I tried to ride up Mt Diablo today (Friday). Rode out from Oakland, but found the Mt Diablo Scenic road closed and fenced off (before you get to South Gate). The construction workers said that any bikes trying to ride up would be ticketed. And they said one guy was injured on that road today and had to be taken out in a helicopter.

I believe the only way up is via North Gate. Just wanted to save others the trip. 

Any others know how long this will be going on?


----------



## MSH (Jul 16, 2006)

closed weekdays only through next Friday 9/19 I believe

MSH


----------



## rcjunkie3000 (Sep 5, 2009)

Will the pot holes in the South Gate entrance ever get repaired?


----------



## chuckice (Aug 25, 2004)

rcjunkie3000 said:


> Will the pot holes in the South Gate entrance ever get repaired?


Great question...I can't believe the Diablo Challenge with that many people is going to roll over that mess.


----------



## JoelS (Aug 25, 2008)

I just called the info line and it said that all roads are open. Will that be the case all weekend?


----------



## Tort (Nov 4, 2008)

I rode today (Monday) via South Gate and it was open. The bad part at the bottom of the road is considered private, not public so it is not maintained by the county. It is in worse condition each year, and nothing will be done to fix it for the Diablo Challenge, unless someone wants to pony up the dough.


----------



## rcjunkie3000 (Sep 5, 2009)

I went up again yesterday on Labor Day at about 3pm. I figured it would still be busy with alot of cars. 

I hit at least one pot hole going up and coming back down on the lower portion of the South Gate. I just can't find a line through that lower part w/o hitting a hole. Never fails.

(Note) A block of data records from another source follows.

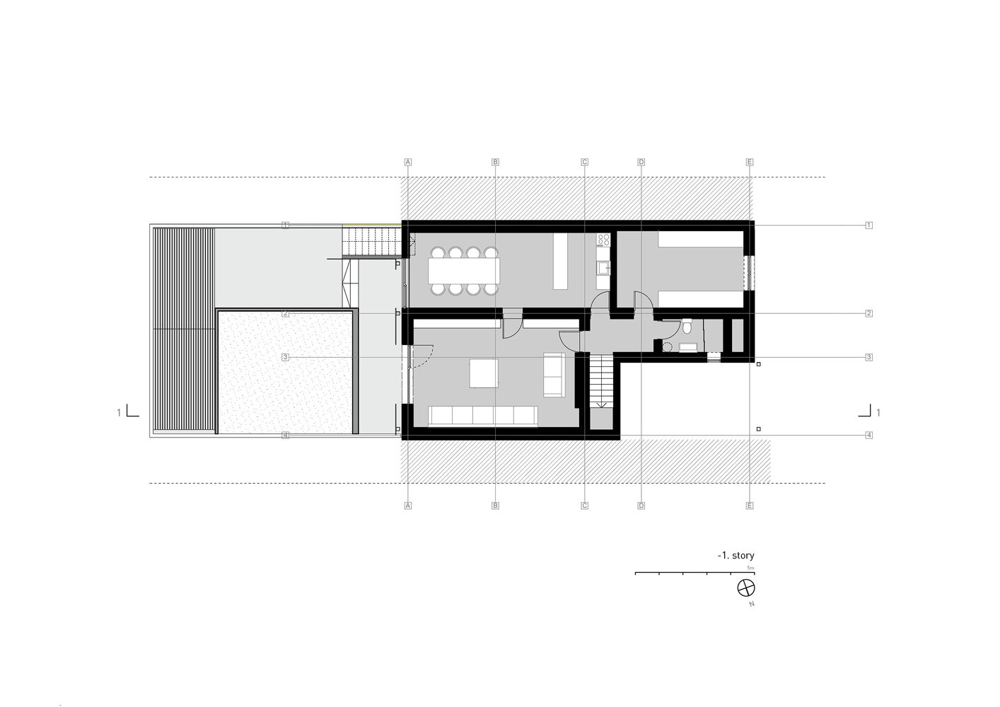 Подрум - со дневен престој, кујна и трпезарија, бања, технички простор и двор.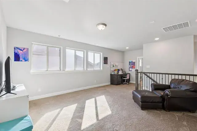 Upstairs, you will find a built in study desk, two large secondary bedrooms, and a spacious flex room that can function as a media room, game room, secondary office, or even a 5th bedroom. The primary suite is generously sized with room for a sitting area, and the primary bath features separate sinks, abundant counter space and storage, plus a super shower upgrade.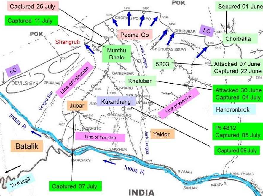 - Indian Army captures two significant positions in the Batalik Sector.

I'm going to try the North Gate entrance in Walnut Creek and see what that's like. What is the ride like on that side before the halfway point?


----------



## jasonwells4 (Aug 7, 2006)

I've never done the south approach but the north approach seems OK. It is a little rough in places but I think that is mostly on the flatter parts at the beginning. From the south entrance to the ranger station, it's 6.5 miles - then 4.5 to the top, so it's more than the 1/2 way point. I think it's also 2000+ ft vs 1600 ft before and after the ranger station.


----------



## dno (Jul 15, 2005)

So has the mt diablo scenic blvd approach road been repaired or is it still full of crater sized holes??


----------



## California L33 (Jan 20, 2006)

rcjunkie3000 said:


> I went up again yesterday on Labor Day at about 3pm. I figured it would still be busy with alot of cars.
> 
> I hit at least one pot hole going up and coming back down on the lower portion of the South Gate. I just can't find a line through that lower part w/o hitting a hole. Never fails.
> 
> I'm going to try the North Gate entrance in Walnut Creek and see what that's like. What is the ride like on that side before the halfway point?


I haven't done Diablo in about a year, but the North Gate Road was repaired a couple of years ago and was in good shape most of the way. 

If you're coming out from the South a good route to avoid car conflicts- 

North on Danville Blvd.
R. Rudgear (a bit sketchy, but it's literally less than 100 yards and much better than getting on the Iron Horse there which is horrible, narrow, rutted, root distorted, and no way to get off it for a mile)
L. on S. Broadway
Veer right onto Iron Horse Trail at Mt. Diablo Blvd.
R. on Contra Costa Canal trail
R. on Bancroft
Bancroft becomes Walnut
Continue on Walnut
R. on Oak Grove
L. on North Gate road


----------